:: How to complete this task ::
Each line in the material below must be transcribed exactly; no picture belongs in the copy.

----- Data excerpt

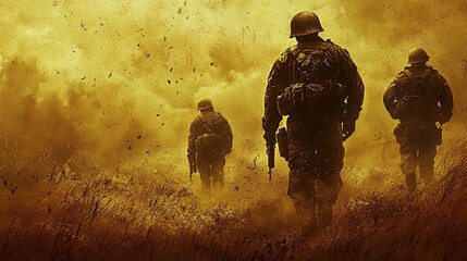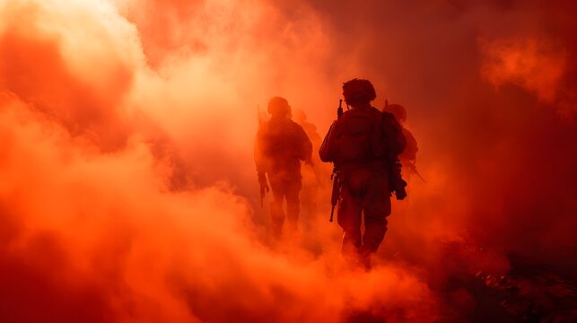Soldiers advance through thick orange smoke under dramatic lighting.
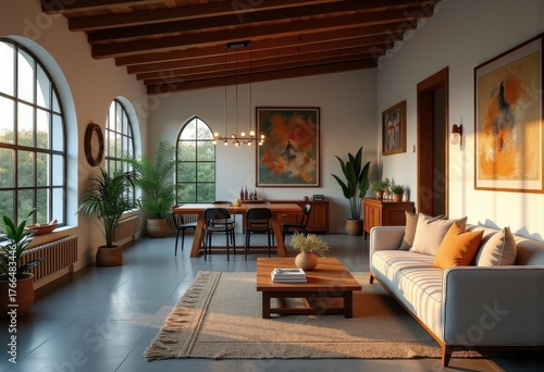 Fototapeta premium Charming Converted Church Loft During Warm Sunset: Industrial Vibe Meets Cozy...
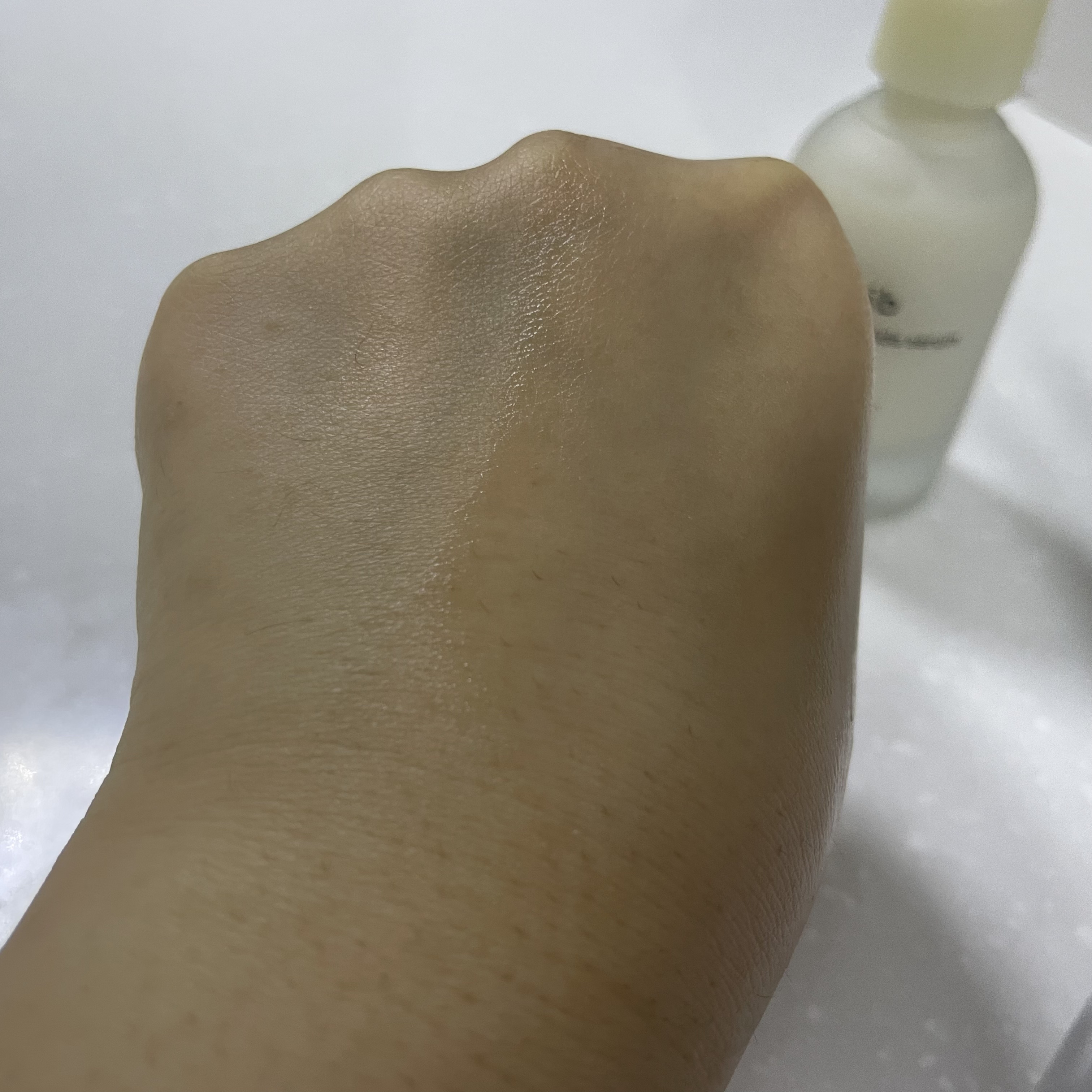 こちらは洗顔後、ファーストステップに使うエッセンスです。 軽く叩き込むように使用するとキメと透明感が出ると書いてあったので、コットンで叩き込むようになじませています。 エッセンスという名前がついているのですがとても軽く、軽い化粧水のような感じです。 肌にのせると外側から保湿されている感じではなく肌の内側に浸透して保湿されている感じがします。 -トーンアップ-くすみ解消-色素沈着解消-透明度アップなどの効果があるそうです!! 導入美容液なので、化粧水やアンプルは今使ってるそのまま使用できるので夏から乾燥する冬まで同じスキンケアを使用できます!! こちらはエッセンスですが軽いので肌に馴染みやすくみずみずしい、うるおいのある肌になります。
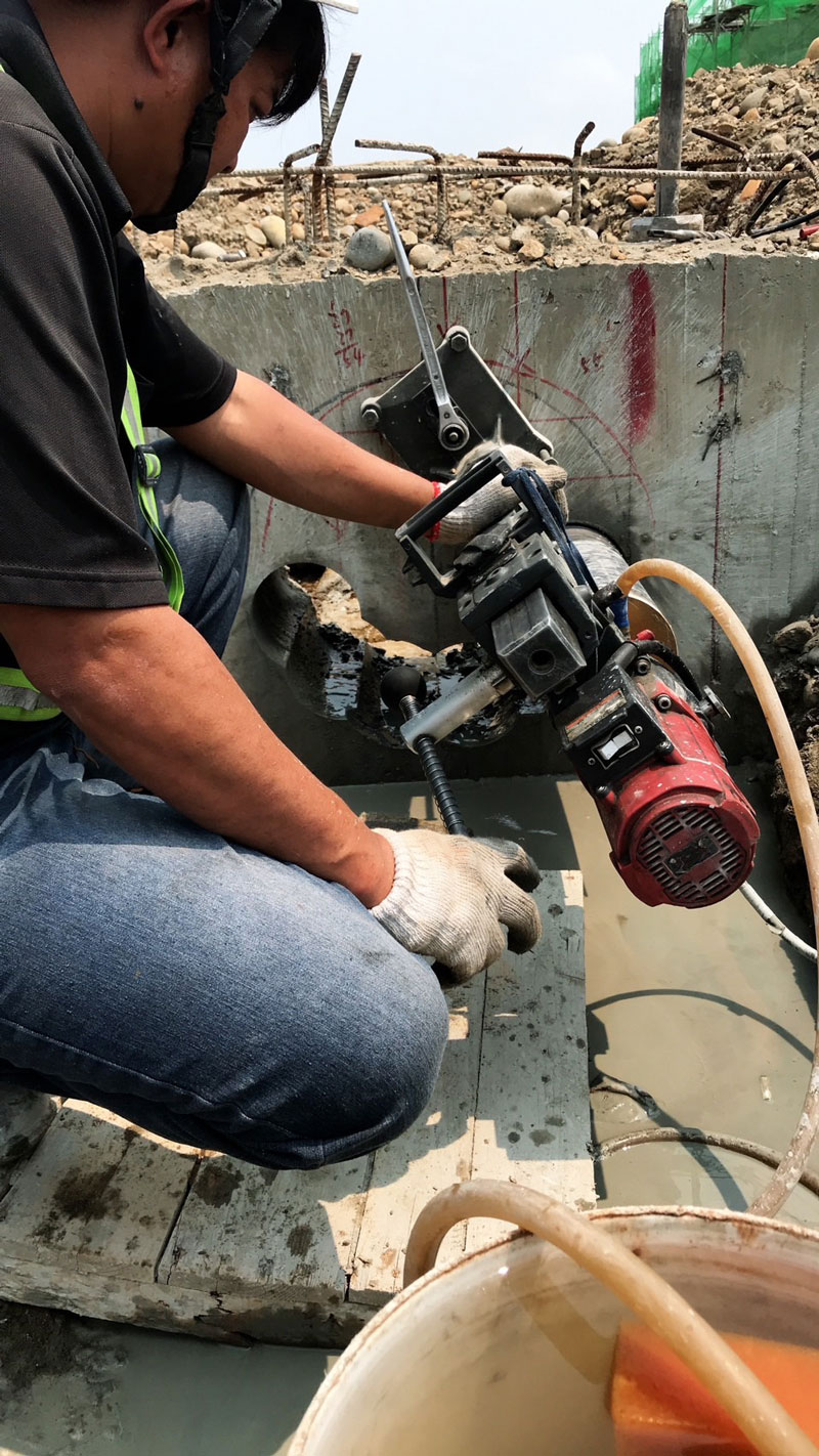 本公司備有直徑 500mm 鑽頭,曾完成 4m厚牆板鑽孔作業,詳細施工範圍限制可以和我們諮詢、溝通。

----------

:: Final answer ::
Soldiers advance through thick orange smoke under dramatic lighting.
 Fototapeta premium Charming Converted Church Loft During Warm Sunset: Industrial Vibe Meets Cozy...
 こちらは洗顔後、ファーストステップに使うエッセンスです。 軽く叩き込むように使用するとキメと透明感が出ると書いてあったので、コットンで叩き込むようになじませています。 エッセンスという名前がついているのですがとても軽く、軽い化粧水のような感じです。 肌にのせると外側から保湿されている感じではなく肌の内側に浸透して保湿されている感じがします。 -トーンアップ-くすみ解消-色素沈着解消-透明度アップなどの効果があるそうです!! 導入美容液なので、化粧水やアンプルは今使ってるそのまま使用できるので夏から乾燥する冬まで同じスキンケアを使用できます!! こちらはエッセンスですが軽いので肌に馴染みやすくみずみずしい、うるおいのある肌になります。
 本公司備有直徑 500mm 鑽頭,曾完成 4m厚牆板鑽孔作業,詳細施工範圍限制可以和我們諮詢、溝通。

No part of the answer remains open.